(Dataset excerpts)
+===+
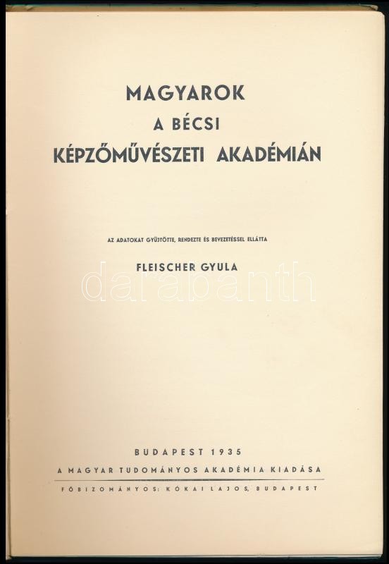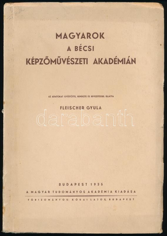 Leírás: Fleischer Gyula: Magyarok a bécsi képzőművészeti akadémián. Bp., 1935, MTA, 108 p. Kiadói papírkötés.
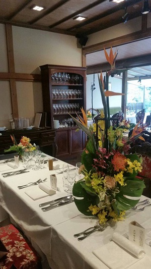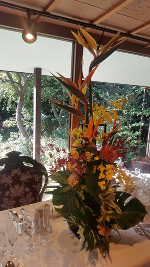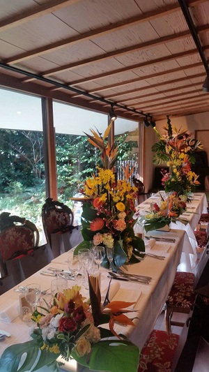 テーブルアレンジは小さめのものとまるでタワーのような2種類が
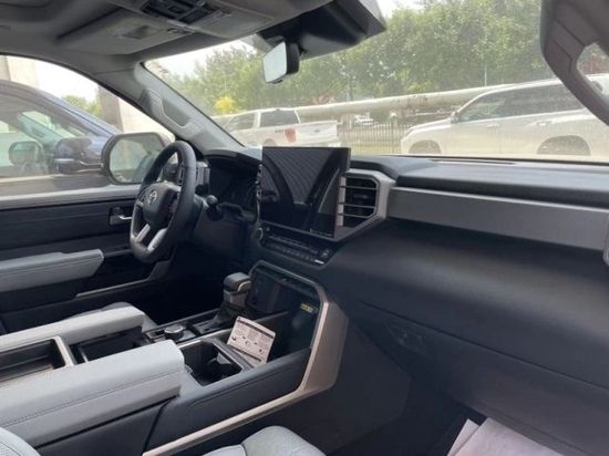 22款丰田坦途座椅提供有皮质包裹,整体的造型也非常宽大,在中央扶手区域的设计上也采用了非常方正的造型设计,并且可以看到前排的储物空间设计还是非常丰富的。
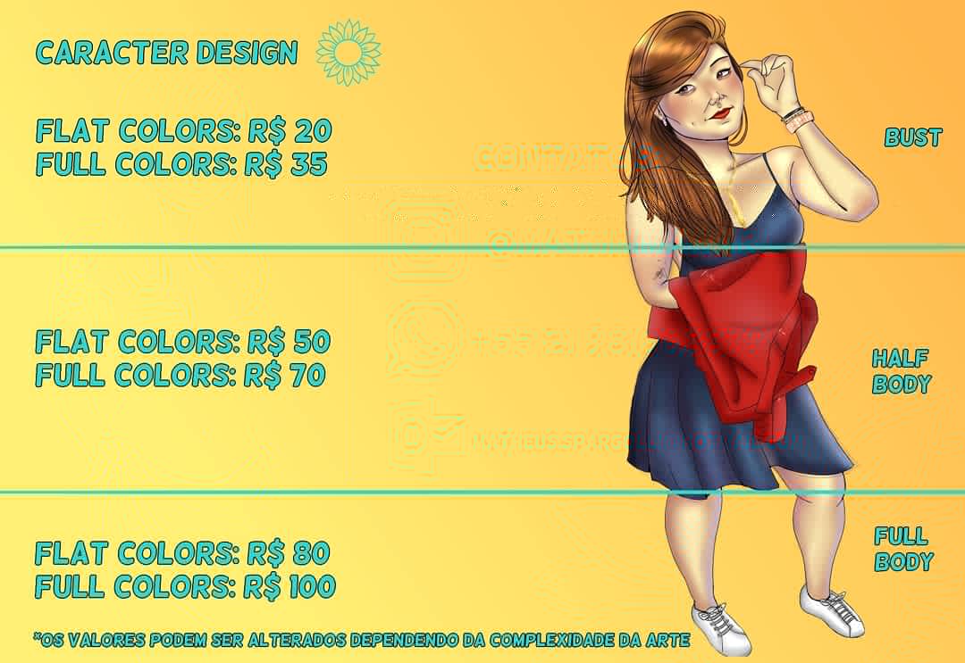 Amigos, Como muitos eu fui prejudicado pela Pandemia e por isso estou desenhando por encomenda. Fiz esse layout para facilitar o entendimento dos valores e do serviço que posso oferecer. Conto com o apoio de vocês! O like e o RT me ajudam muito.
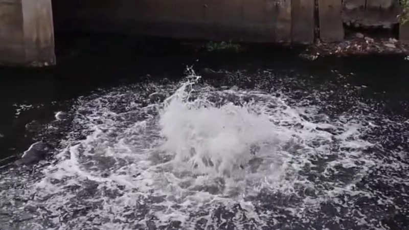 Surabaya – Sebuah semburan muncul di sungai samping jembatan persimpangan Rungkut Madya dan Rungkut Mapan, Kota Surabaya. Fenomena ini membikin warga sekitar heboh, karena luapannya membikin air bergelembung dan bergejolak.
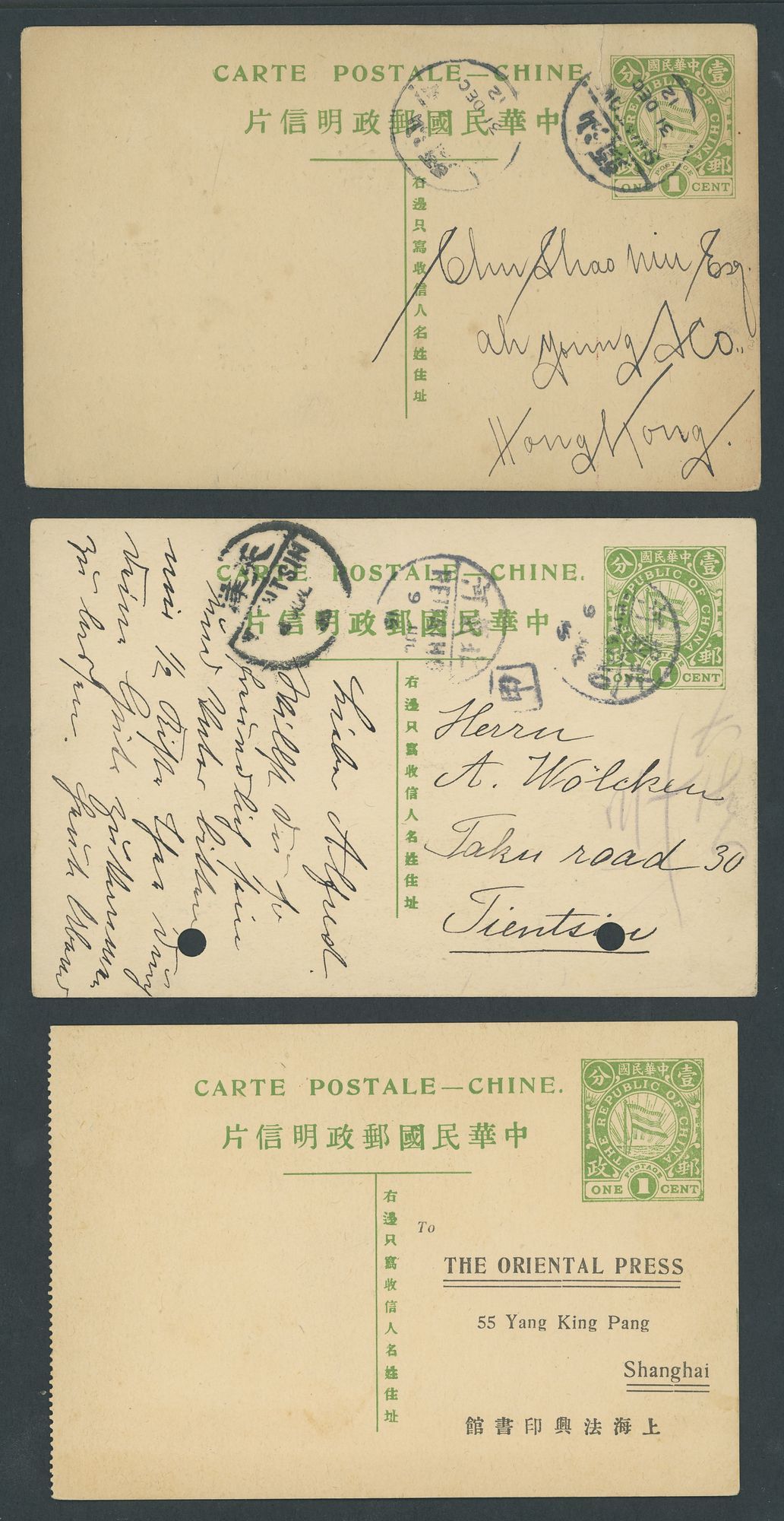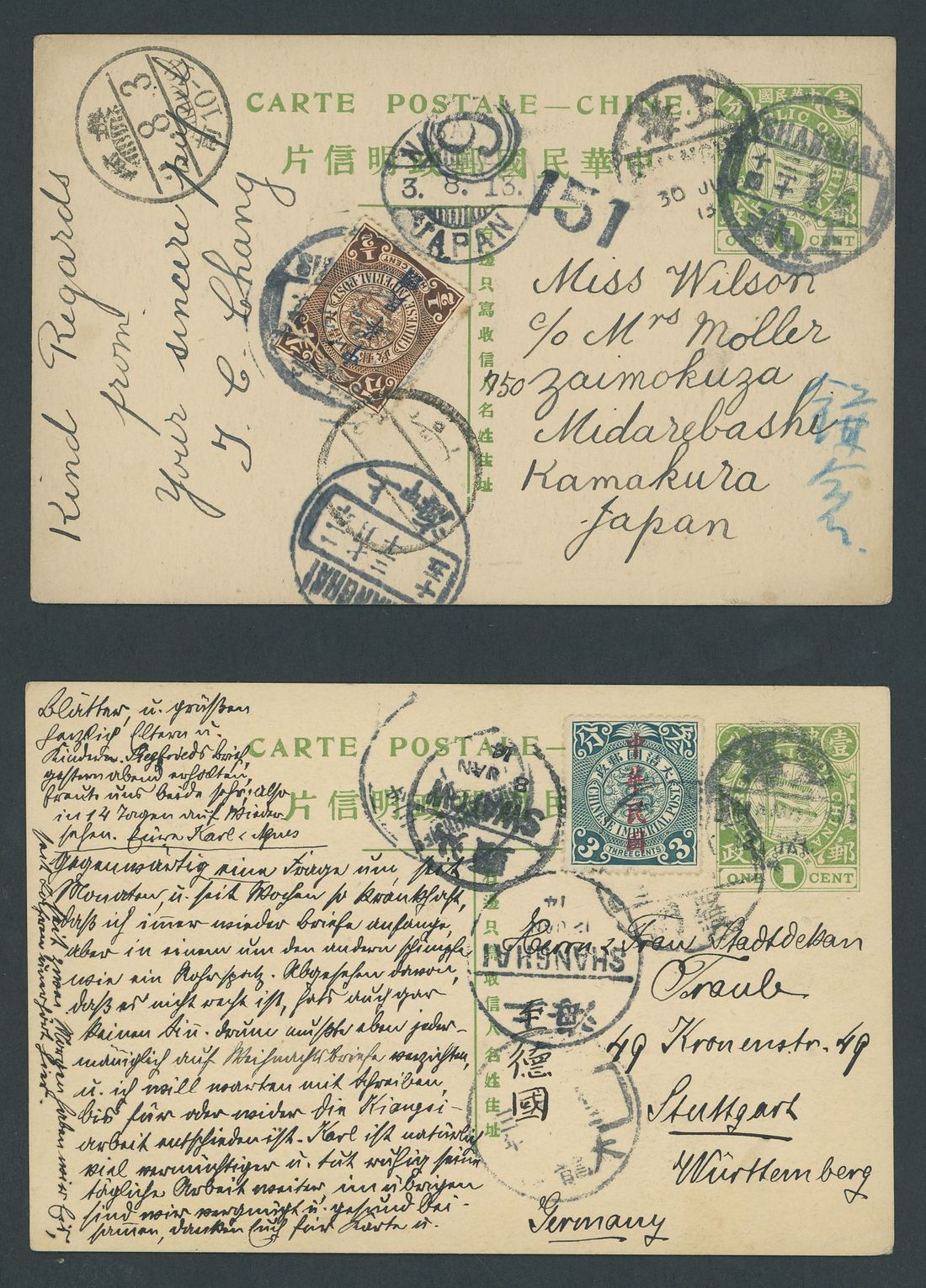 1912 National Flag: A group of 1c. green cards with "T" connected unused and used (2) to Japan and Germany and "T" not connected used (2, faults). (5 cards)
+===+
AIM OF THE EXERCISE =>
From the line containing "テーブルアレンジは小さめのものとまるでタワーのような2種類が" through the line containing "Amigos, Como muitos", copy every line above exactly, without pictures.

SOLUTION FOR THIS TASK =>
 テーブルアレンジは小さめのものとまるでタワーのような2種類が
 22款丰田坦途座椅提供有皮质包裹,整体的造型也非常宽大,在中央扶手区域的设计上也采用了非常方正的造型设计,并且可以看到前排的储物空间设计还是非常丰富的。
 Amigos, Como muitos eu fui prejudicado pela Pandemia e por isso estou desenhando por encomenda. Fiz esse layout para facilitar o entendimento dos valores e do serviço que posso oferecer. Conto com o apoio de vocês! O like e o RT me ajudam muito.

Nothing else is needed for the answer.